Bedding: Dog beds come in a wide variety of styles, from thin pads to orthopedic foam to soft, loosely padded pillows. Make sure your dog has a comfortable place to rest. A good option is a dog bed that has a removable, machine-washable cover.
Collar & Leash: Your dog needs at least one collar. The safest, easiest collar is a “flat collar” with a quick-release fastener, which is helpful when you need to take your dog out quickly and frequently during the housetraining process.
Crate: Your dog’s crate is his place of peace and solitude. Make sure you get a well-ventilated crate that’s just big enough for him to stand, lay down, and turn around with some comfy bedding inside.
Exercise Pen: If you don’t have a room that works well to confine your dog, consider getting an exercise pen. They’re useful for those times when you need your pup to be kept someplace safe but not necessarily confined to his crate.
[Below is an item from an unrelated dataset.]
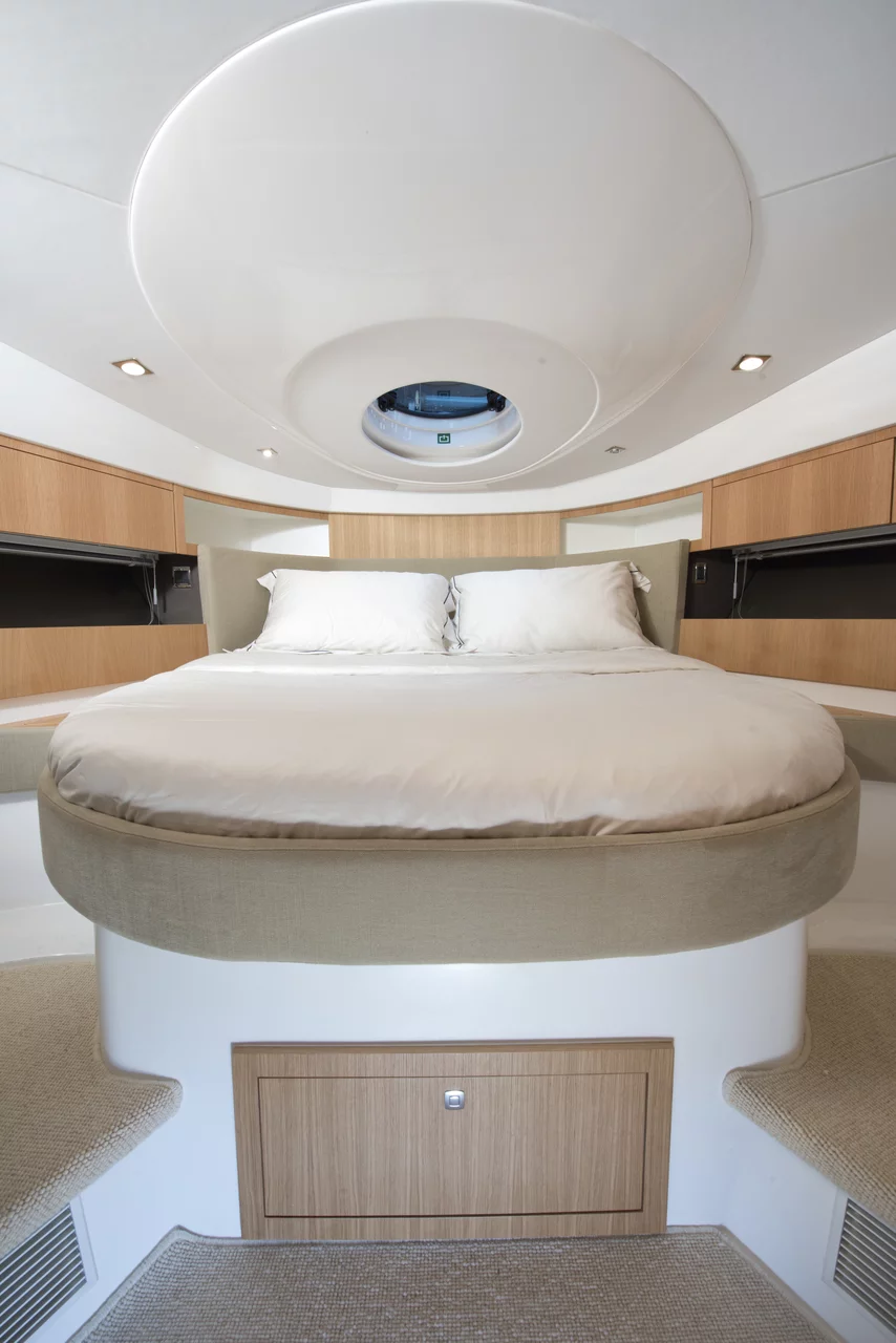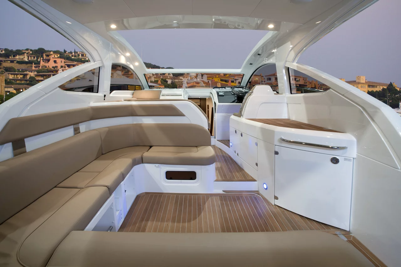 Demand for a hard top version was too great for us not to take it seriously. But we had to get it right. We worked with Makefast to acquire a tried and tested roof and electrical system. Reliable, easy to use and neat. The Targa 38OPEN offers the largest roof opening area for a boat of this size and a long overhang over the cockpit to offer maximum protection. We also extended the glazing to give greater all-round vision and further enhance the feeling of an express cruiser that’s open to the world around it. This big boat thinking also extends aft, where you can specify a submersible bathing platform for ultimate enjoyment of the water.

Bowls: Your dog requires two sturdy bowls: one for food and one for water. Although ceramic ones may be decorative, they are breakable. Your most practical option is sturdy, dishwasher-safe, stainless-steel bowls.
Grooming Supplies: The requirements for grooming a Poodle are a lot more complicated than those for a Lab. Do some research on your chosen breed’s grooming requirements before you purchase any grooming supplies.
Identification: When you register your dog with your municipality, you will receive a dog tag that can help identify him if he ever gets lost. Also get him a personalized tag that has your cell phone number engraved on it. Microchipping your dog is a permanent way for shelters and vets to identify your dog and get in touch with you.
The Right Toys: Get a variety of puppy-friendly toys and see what he responds to. If you’re adopting an adult dog, ask the shelter if he has any favorite toys so you can stock up on what he likes best.
Bond With Your New Pup
In those first few important days, you’ll need to spend as much time as possible with your new dog to bond with him and help him feel comfortable in his new environment. Taking a few days off from work is ideal. There may be a couple of rough nights in the beginning as he adjusts—this is a good time to establish clear boundaries and a reliable routine so he doesn’t get confused or overwhelmed.